Разработка безотмывочных методов криоконсервирования фракции ядросодержащих клеток кордовой крови,
в состав которой входит популяция гемопоэтических стволовых клеток-предшественников, является актуальной задачей
для их долгосрочного хранения. В работе использована технология криоконсервирования ядросодержащих клеток кордовой
крови, включающая выделение популяции клеток оригинальным методом двухэтапного центрифугирования, обработку
непроникающим криопротектором полиэтиленоксидом с м. м. 1500 (ПЭО-1500) и замораживание по двухэтапной программе.

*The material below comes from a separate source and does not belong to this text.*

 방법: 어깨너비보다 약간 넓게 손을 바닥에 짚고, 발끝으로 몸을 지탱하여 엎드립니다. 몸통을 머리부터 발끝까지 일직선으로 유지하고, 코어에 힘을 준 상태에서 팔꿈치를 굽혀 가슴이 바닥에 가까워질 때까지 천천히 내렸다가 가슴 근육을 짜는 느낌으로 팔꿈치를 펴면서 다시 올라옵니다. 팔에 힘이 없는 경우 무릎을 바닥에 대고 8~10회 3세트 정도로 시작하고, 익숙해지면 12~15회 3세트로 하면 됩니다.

Установлено, что данная технология позволяет сохранить более 72% CD45+- и 75% CD34+-клеток с показателями
жизнеспособности более 83 и 91% соответственно. При этом повышенное содержание активных форм кислорода
(в (42,7 ± 6,3)% клеток) на фоне высоких показателей количества клеток и их жизнеспособности может рассматриваться
как физиологичный ответ клеток на воздействие факторов криоконсервирования.

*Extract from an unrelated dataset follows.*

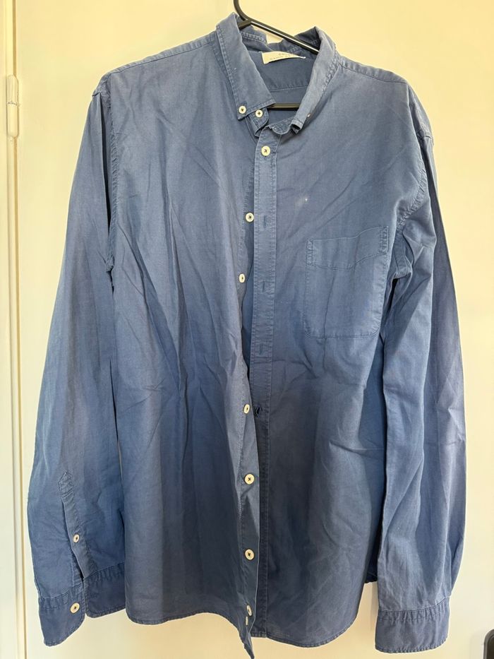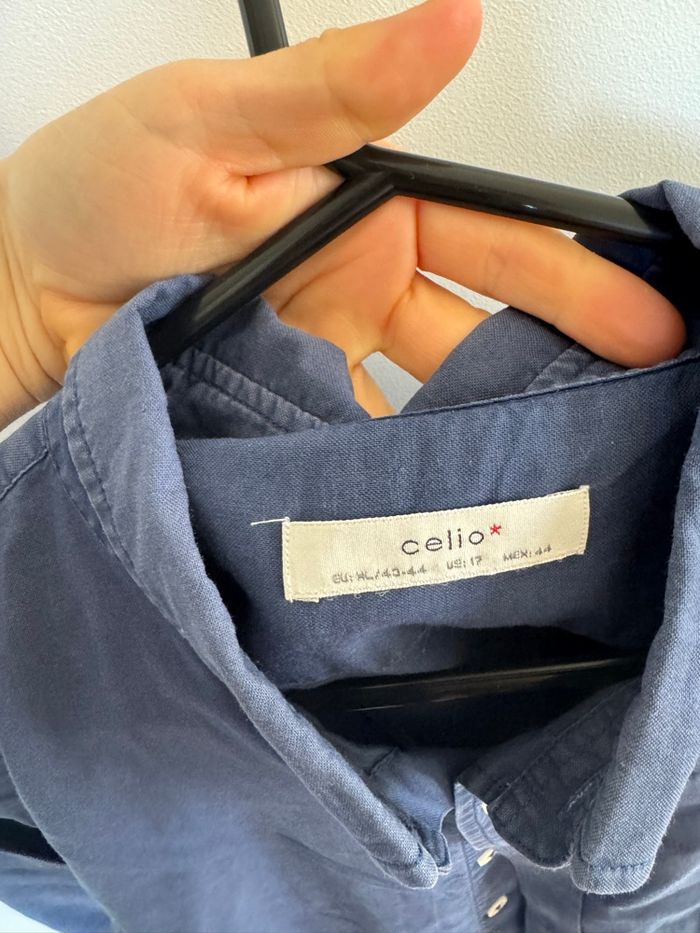 Belle chemise Celio couleur bleu marine, à la fois classique et moderne, parfaite pour un look casual chic ou professionnel 💼💙 ✨ Marque : Celio ✨ Taille : XL ✨ Couleur : Bleu marine ✨ État : Bon état (⚠️ deux petites taches très discrètes, à peine visibles) Coupe agréable à porter, s’accorde facilement avec un jean ou un pantalon habillé 👖 📦 Envoi rapide et soigné 💸 Prix négociable dans la limite du raisonnable 👕 Réductions possibles pour les achats en lot

Розробка безвідмивних методів кріоконсервування фракції ядровмісних клітин кордової крові, до складу якої
входить популяція гемопоетичних стовбурових клітин-попередників, є актуальним завданням для їх довгострокового
зберігання. У роботі використовується технологія кріоконсервування ядровмісних клітин кордової крові, яка включає
виділення популяції клітин оригінальним методом двоетапного центрифугування, обробку непроникаючим кріопротектором
поліетиленоксидом із м. м. 1500 (ПЕО-1500) і заморожування за двоетапною програмою. Встановлено, що представлена
технологія дозволяє зберегти більше 72% CD45+- та 75% CD34+-клітин із показниками життєздатності більше 83 і 91%
відповідно. При цьому підвищений вміст активних форм кисню (в (42,7 ± 6,3)% клітин) при високих показниках кількості
клітин та їх життєздатності може розглядатися як фізіологічна відповідь клітин на вплив факторів кріоконсервування.
Development of wash-free cryopreservation methods for cord blood nucleated cell fraction, including the population
of hematopoietic stem/progenitor cells, is an actual task for their long-term storage. Present investigation involved the technique of
cord blood nucleated cells cryopreservation, comprising the isolation of cell population by the original two-step centrifugation method,
the treatment with non-penetrating cryoprotectant polyethylene oxide with molecular weight of 1500 (PEO-1500) and freezing by the
two-step program. This technique enabled to preserve more than 72% CD45+ and 75% CD34+ cells with the viability indices of
correspondingly 83 and 91% and higher. Herewith, an increased content of reactive oxygen species (42.7 ± 6.3%) on the background
of high cell number and their viability may be considered as a cells’ physiological response to the effect of cryopreservation factors.